Brian Desany bdesany@bcm.tmc.edu
Mon, 15 Jul 2002 13:08:32 -0500


>OR, is there a better way to retieve the ratio (percent) of
>the entire hit to
>the query.

I think you mean "total hsp lengths" rather than the "entire hit" in your
query, otherwise you would just use $hit->length/$result->query_length which
probably isn't what you want.

(The length of the "hit" has no relation to the alignment, it is however
long the database entry is that has been hit, for example 5Mb for whatever
chromosome you happened to hit).

Also, I interpret your statment to mean "across all the hsps in the hit, how
much of the total query matched anything?" (Correct me if I have it wrong).

In any case I usually loop through the hsps as you do, but I use different
values:

e.g.:

my $hsps_len_test = 0;
my @hsp_s = $hit->hsps();
my $lenAll = $result->query_length();
foreach my $hsp (@hsp_s){
	$hsps_len_test += $hsp->length('query');
}
print "Ratio of hsps to hit: $hsps_len_test/$lenAll\n";


Note that this doesn't give you the right answer if your "hit" happens to
have repetitive elements in it, and your query matches it.

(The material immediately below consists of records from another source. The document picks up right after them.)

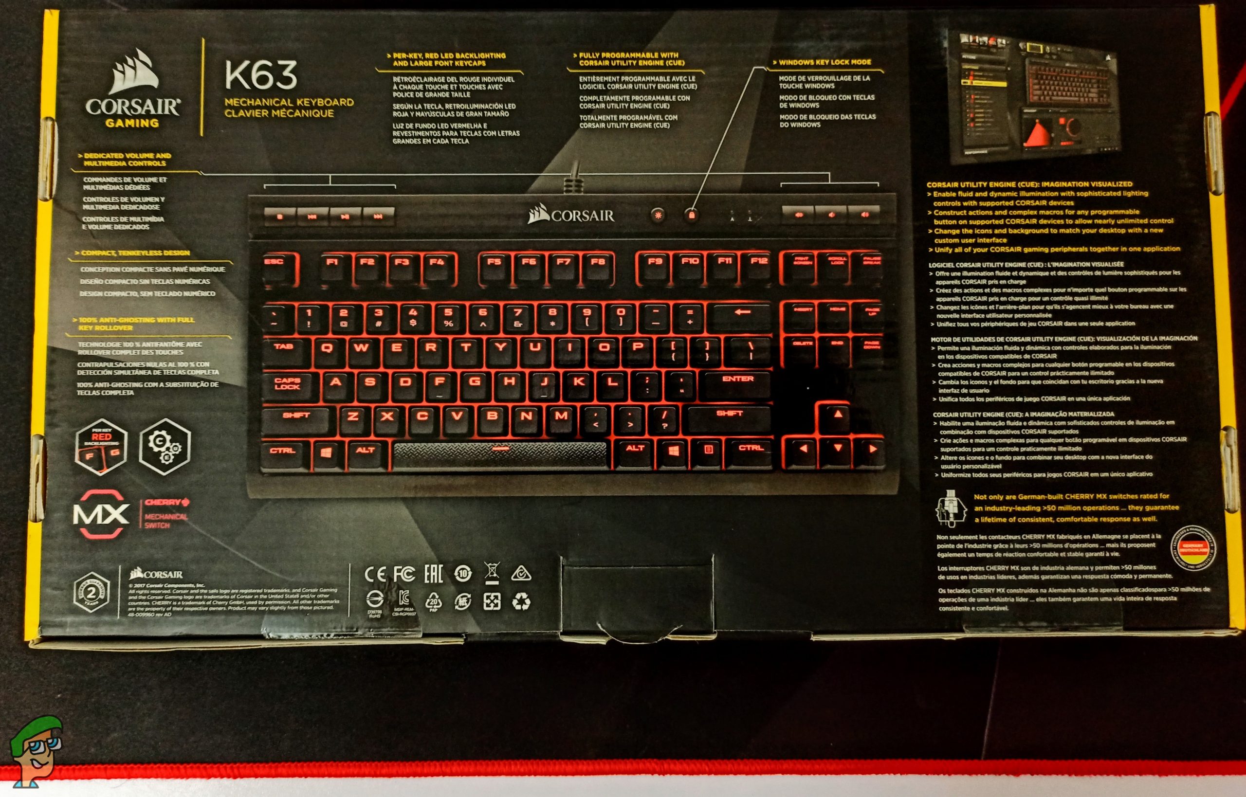 The box of the CORSAIR K63 is pretty similar to other keyboards from the company. At the front, you can notice the picture of the keyboard, with the switch type at the top right.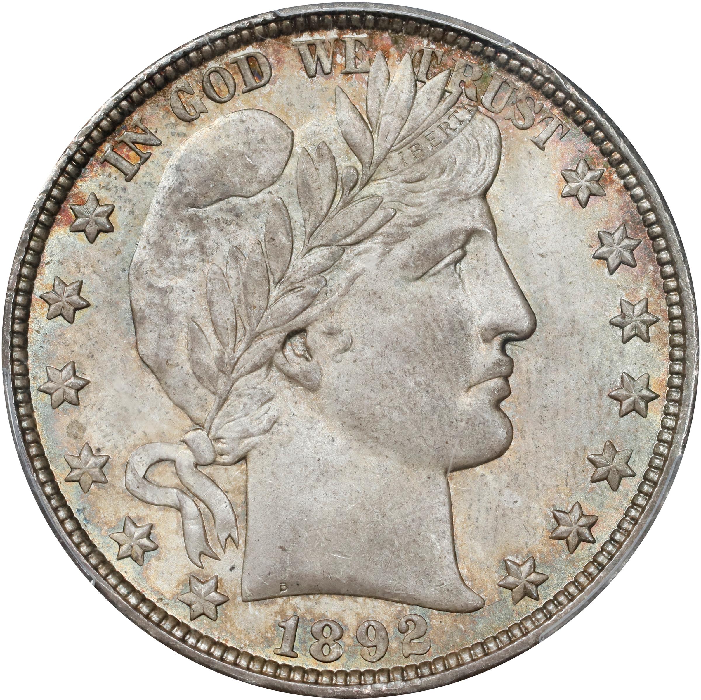 - A premium Gem example of the inaugural Barber half dollar issue from the New Orleans Mint. A glowing satiny frost highlights amber, rose, lilac-gray, and antique silver patina. Well struck overall with just the slightest trace of weakness at the highest points. There are no distracting marks of any kind even under intense scrutiny with a strong glass. Traces of an ancient fingerprint on the obverse further attest to the absolute originality of this impressive piece, among the finest certified from a mintage of 390,000.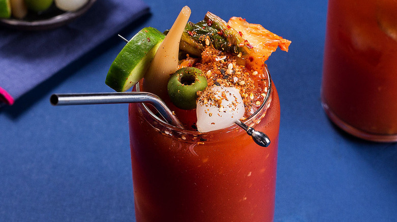 Kimchi is the star of this spicy Bloody Mary, which adds a unique touch to the familiar brunch cocktail. The drink — famous for its fun garnishes like celery, olives, and even shrimp cocktail — includes some ingredients you have maybe never thought about adding to it like fish sauce, wasabi, and togarishi, a Japanese spice blend made with orange peel, red pepper flakes, sesame seeds, and poppy seeds (via Food52).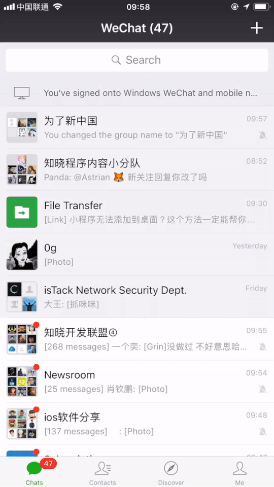 這個改動也引發了很多猜測,微信是不是要在這里放一個新的快捷方式?直到 2018 年 1 月,這個答案才最終揭曉:聊天界面下拉可以喚出小程序。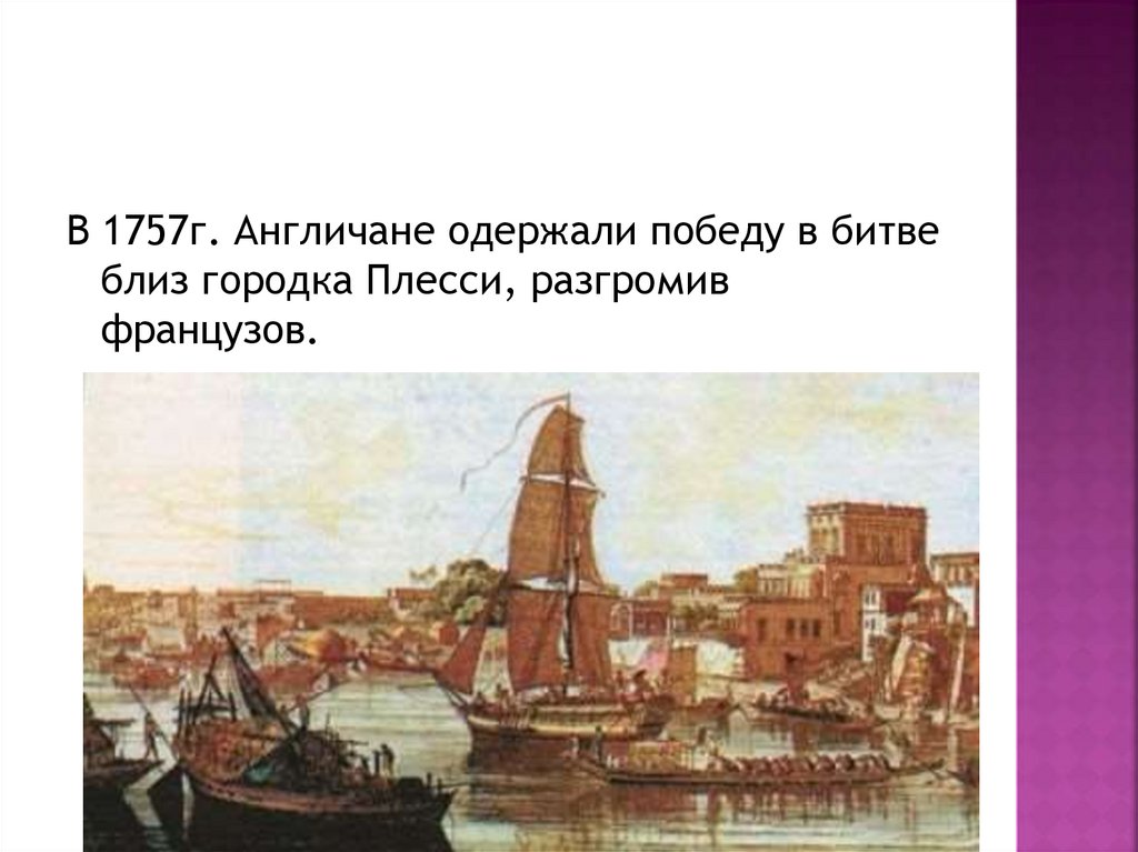 В 1757г. Англичане одержали победу в битвеблиз городка Плесси, разгромив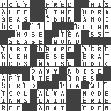 ACROSS 1. More than one (prefix) 5. Flintstone 9. Part of HMS, perhaps 12. Toward shelter 13. Welles in "The Third Man" 14. Israeli folk dance 15. Oceans 16. Goddess of spring and wife of Bragi 17. Mine, in Marseilles 18. Being at a high temperature 19. Lizard (obsolete) 21. American astronaut and politician John 22. Flexible conduit 24. Afternoon social gathering 26. Fast jet (abbr.) 27. Gospel singer Marvin 28. Words to Nanette 29. Small pie 30. Window treatment 32. 43,560 square feet 36. Malaysian steamed pastry 37. Compass dir. 38. Part of Q.E.F. 39. Probability 40. Taiwanese island in East China Sea 42. College mil. group 43. _ Jones' Locker 44. Annoying sound 46. Fitting 49. Had dinner 50. Angers 51. Tear up 53. Parent Teacher Association (abbr.) 54. Soggy 57. Implement 58. Inventor's middle name 61. Thickened enlargement 62. Taverns 63. Den 64. One of the Great Lakes 65. To separate or throw off 66. Blind as ____ 67. Locale of original sin DOWN 1. Romantic infatuation 2. Butter sub 3. Tough but pliablecoriaceous 4. Affirmative reply 5. Sudden quick movement 6. To free from 7. Australian flightless bird 8. Lair 9. Dwellings 10. Removes the wrinkles 11. Inhabitant of Heaven 14. Actor Linden 19. Double-curved letter 20. Nourish 21. E Mali city 23. Expletives 24. Drinks excessively 25. Compass dir. 27. Saudi Arabian king (1953-1964) 28. Smutty 29. Ring climax 31. Rob, plunder, or pillage 32. Nest on high 33. What you're doing now 34. Pace 35. And so on (abbr.) 40. Floor protector 41. A single undivided whole 43. June honoree 45. Mouth or opening 46. Moving or stirring 47. Give a jingle 48. Heavy duty weighing machine 52. Raised railways 53. Role in a play 55. Singer Brickell 56. Adolescent 58. In the manner of 59. Experiment locale 60. By way of 61. Born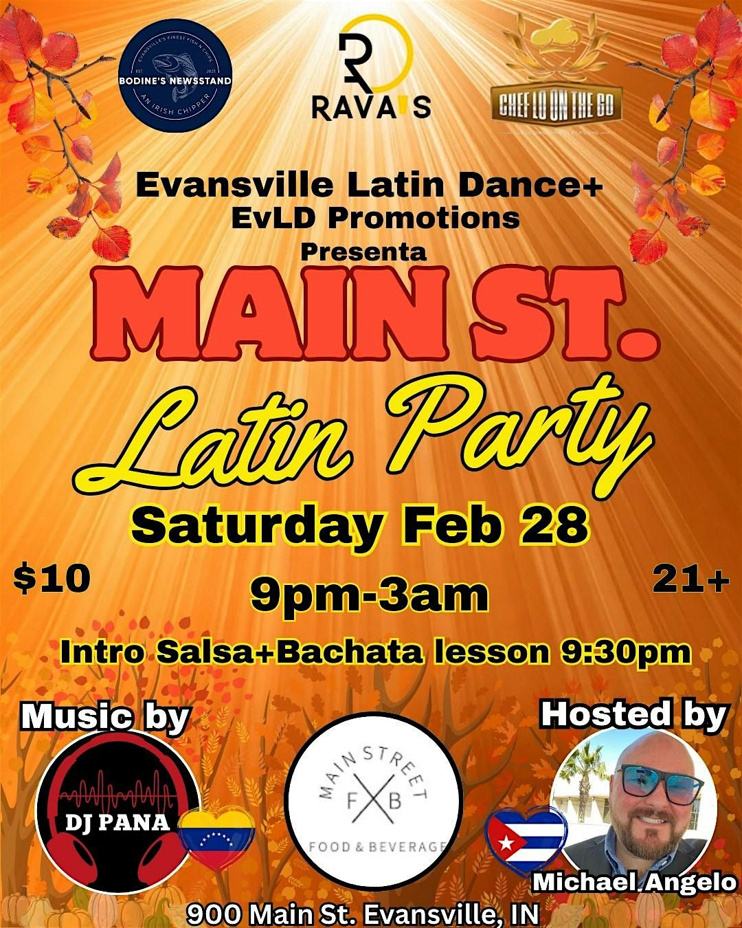 Evansville Latin Dance & EvLD Promotions proudly present the return of our Main Street Latin PartyNew year, same amazing vibe.The Night Begins EventBrite tickets dont count. $10 at ther door.

In fact you could
potentially get a "total hsp lengths" of greater than the query length. In
that case you would have to look at the interval of the query that is
present in each hsp (start & end coordinates) and do some kind of interval
merging to find out what your final interval is. (I'm not really sure how
that's done in Bioperl but I think you use Range objects).

HTH

-Brian.




>Thanks for the quick replies, (sorry I haven't got back sooner
>but I went
>home early on Friday and tried to not even think about work ;)
>
>The line: $hsp->hsp_length('total')  works.
>This allows me to compare the Hit to a value that I am
>expecting to see.
>And I was was able to create another bit of info that I'll
>want using the
>following:
>my @hsp_s = $hit->hsps();
>my $lenAll = $hit->length('total');
>foreach my $hsp (@hsp_s){
>	$hsps_len_test += $hsp->length();
>}
>print "Ratio of hsps to hit: $hsps_len_test/$lenAll\n";
>
>OR, is there a better way to retieve the ratio (percent) of
>the entire hit to
>the query.
>Thanks again,
>Ken
>